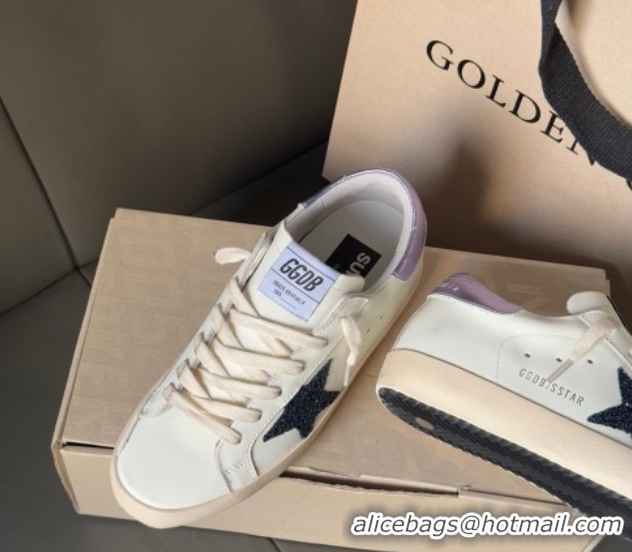 Discount Golden Goose Women's Super-Star in white leather with black glitter star and metallic purple heel tab 0902101
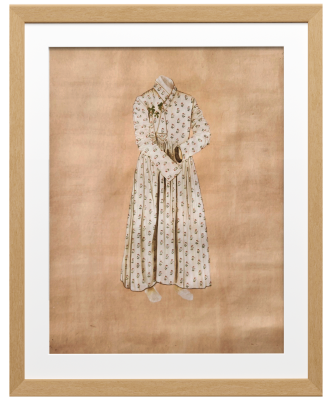 A hand-painted homage to traditional South Asian attire, rendered in original mineral colors with floral finesse
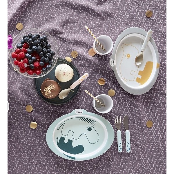 Zestaw sztućców marki Done By Deer to świetny wybór, jeśli chcemy zachęcić dziecko do samodzielnego spożywania posiłków. Składa się on z łyżeczki, widelca i bezpiecznego noża. Zaprojektowane z myślą o malutkich dziecięcych rączkach, będą idealnie leżały w dłoni malucha. Specjalnie wyprofilowane kształty ułatwią dziecku nabieranie odpowiednich porcji. Sztućce zostały wykonane ze stali nierdzewnej i ABS, a ich uchwyty wykonano z plastiku spożywczego dla największego bezpieczeństwa Twojego malucha. Zapakowane w kartonowe pudełko, będą praktycznym prezentem dla każdego dziecka.
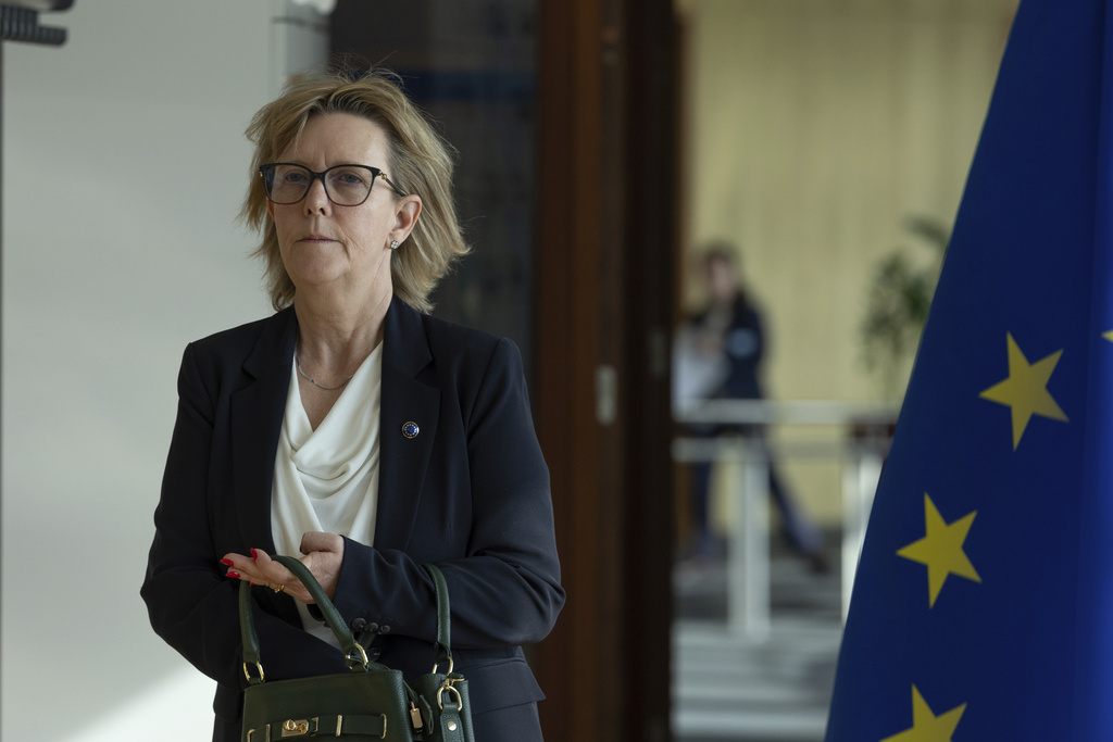 European Commissioner for Financial Stability, Financial Services and Capital Markets Union Maria Luís Albuquerque arrives for the weekly college of commissioners meeting at EU headquarters in Brussels on May 21, 2025. (PHOTO / AP)

__Directions__: Repeat the listing above up to and including the line with "A hand-painted homage", starting from its first line. Drop any pictures.

__Answer space__:
 Discount Golden Goose Women's Super-Star in white leather with black glitter star and metallic purple heel tab 0902101
 A hand-painted homage to traditional South Asian attire, rendered in original mineral colors with floral finesse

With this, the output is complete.